We took a look at the 118-page court filing where CFO John Abbot details exactly how Cumulus put itself in such an awful position.

Abbot says between 1998 and 2013, Cumulus Media completed approximately $5 billion worth of acquisitions to grow its network and station businesses, with the largest being the acquisition of Citadel in 2011. He says the company struggled to develop the management and technology infrastructure required to integrate the acquired assets and to support and manage its expanding portfolio. “Additionally, certain of the acquisition projections proved erroneous and a number of subsequent management decisions failed to achieve their desired results. The Company was thus unable to achieve the cash flow projections it had made to support the prices paid for those acquisitions, particularly the Citadel Broadcasting acquisition in 2011 and the Dial Global (now Westwood One) acquisition in 2013, with the underperformance resulting in leverage levels significantly in excess of original projections.

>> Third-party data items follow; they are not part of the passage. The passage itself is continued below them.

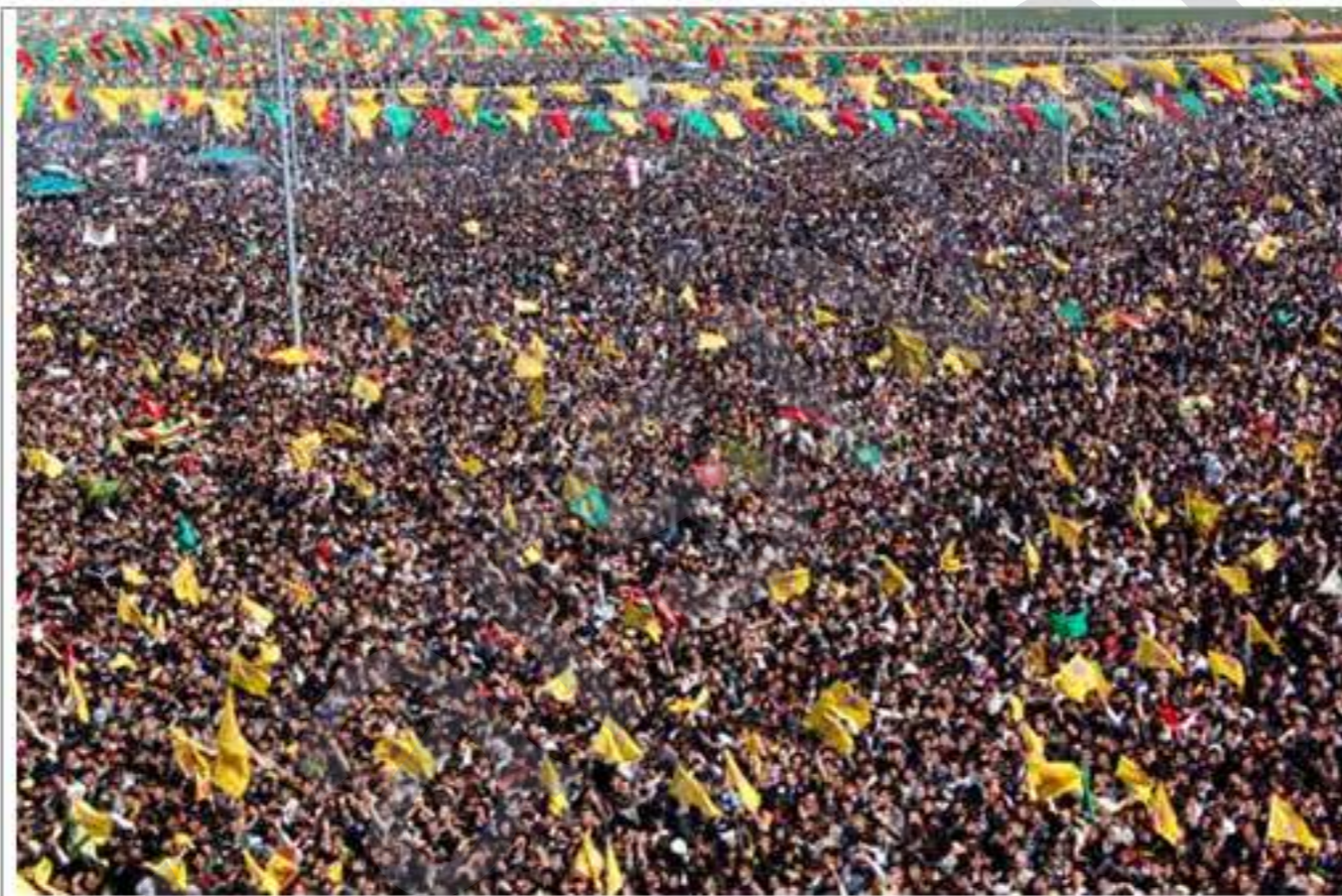
Li Kurdistanê coşa Newrozê destpêkir » r.3
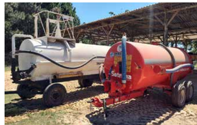
Tanque móvel utilizado para combate à incêndios.

• Treinamento contínuo dos funcionários quanto ao procedimento operacional de combate a incêndios florestais.
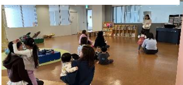
3月18日(水) 親子リトミック

子ども広場では主に月・水・金の午前中に子育てコンシェルジュが常駐しています。子育てコンシェルジュとは、保育施設のことなど子育てに関する情報をお知らせしたり相談にのったりする係です。月・水・金以外でも相談したいことがありましたら、スタッフまでお声かけ下さい。
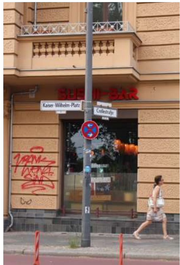
Kaiser-Wilhelm-Platz Ecke Cellestraße (im linken Bild die Hauptstraße links hinten)
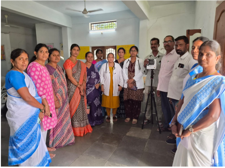
తెలుగు గళం న్యూస్ జనగామ మే 23
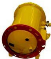
Рис. 5. Аппарат защиты от токов утечки, унифицированный рудничный – АЗУР

АЗУР аппарат защиты от токов утечки, унифицированный рудничный
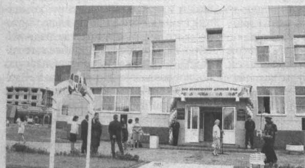
Открытие уже третьего по счету детсада в городе-спутнике.
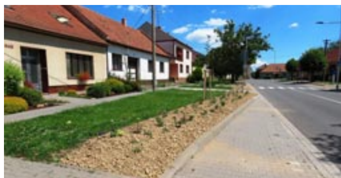
Průtah po rekonstrukci

luprací s kulturně-školní komisí, sociálně-zdravotní komisí nebo některými místními spolky a dobrovolníky spoustu akcí. Z těch nejúspěšnějších a nejzajímavějších bych vyzdvihla Újezdské kulturní léto, v rámci kterého je pořádáno 5 koncertů v parku u Penzionu, Letní kino za sokolovnou, Poslední prázdninovou jízdu (závody pro děti na kolech a odřáždlech), Újezdské farmářské trhy, adventní koncerty, reprezentační ples města, několik posezení pro seniory s hudbou a dobrou kávou, dva výlety pro seniory do Kroměříže a na zámek Vranov a do Znojma, řadu divadelních představení pro dospělé a děti, cestovatelské přednášky manželů Poulíkových a mnoho dalšího. Tradičně se u nás za finančního přispění města konají na konci června Petropavelské hody. O těchto akcích se můžete dočíst v městském zpravodaji, který od voleb vydáváme pravidelně každé dva měsíce a který najdete na našich nových webových stránkách http://ujezdubrna.cz/zpravodaje-a-jine-brozury-mes-ta/ .

Additionally, those factors, in concert with industry pressures, also caused its performance to falter such that from 2012 forward the Company experienced declining year-over-year performance in ratings, revenue and Earnings Before Interest Taxes Depreciation and Amortization.”

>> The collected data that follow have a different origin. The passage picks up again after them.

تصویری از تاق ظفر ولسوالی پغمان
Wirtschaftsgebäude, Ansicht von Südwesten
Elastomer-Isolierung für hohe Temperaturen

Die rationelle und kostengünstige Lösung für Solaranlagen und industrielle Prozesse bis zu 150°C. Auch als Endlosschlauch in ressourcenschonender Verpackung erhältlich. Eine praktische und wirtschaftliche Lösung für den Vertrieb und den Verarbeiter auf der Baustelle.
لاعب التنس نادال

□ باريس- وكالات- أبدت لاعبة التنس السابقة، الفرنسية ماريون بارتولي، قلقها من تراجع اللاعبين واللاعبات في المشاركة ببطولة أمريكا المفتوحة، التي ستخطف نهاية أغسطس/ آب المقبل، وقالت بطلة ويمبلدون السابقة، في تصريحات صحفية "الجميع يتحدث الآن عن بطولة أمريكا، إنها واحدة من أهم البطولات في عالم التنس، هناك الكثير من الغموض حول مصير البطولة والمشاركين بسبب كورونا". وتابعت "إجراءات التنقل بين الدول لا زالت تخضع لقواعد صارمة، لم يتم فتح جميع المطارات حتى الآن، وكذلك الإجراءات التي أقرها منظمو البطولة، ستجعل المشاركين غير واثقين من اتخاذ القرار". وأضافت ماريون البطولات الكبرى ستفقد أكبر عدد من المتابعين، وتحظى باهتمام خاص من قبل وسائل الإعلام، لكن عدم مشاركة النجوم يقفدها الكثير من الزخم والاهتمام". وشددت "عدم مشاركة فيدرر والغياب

The CFO goes on to say that in addition to Cumulus’ historical underperformance, advertiser and listener demand for radio overall was negatively impacted by the availability of content and advertising opportunities on the digital side, resulting in declines in radio industry revenue and listenership. “As a result of these general industry pressures, high acquisition prices and subsequent poor performance, Cumulus Media found itself with an excessive level of debt relative to its earnings and rapidly approaching maturities on its funded debt.”

On Monday, we’ll have an interview with a legal analyst and get his take on how this may play out over the next 6 months.

3 COMMENTS

  1. From Here:
    Quite so, Peter.
    Corporate radio has had no idea how to be more appealing to audiences and more effective for advertisers.
    They suck at it, and this has been the case for decades.
    More aggressive, although useful, sales approaches still won’t be the difference that makes the difference.
    The meaningless smoke & mirror mewlings being blurted from Cumulus management could as likely be coming from, say, The White House.

  2. “the company struggled to develop the management and technology infrastructure required to integrate the acquired assets and to support and manage its expanding portfolio.”

    So what makes anyone think that they now have miraculously acquired these skills?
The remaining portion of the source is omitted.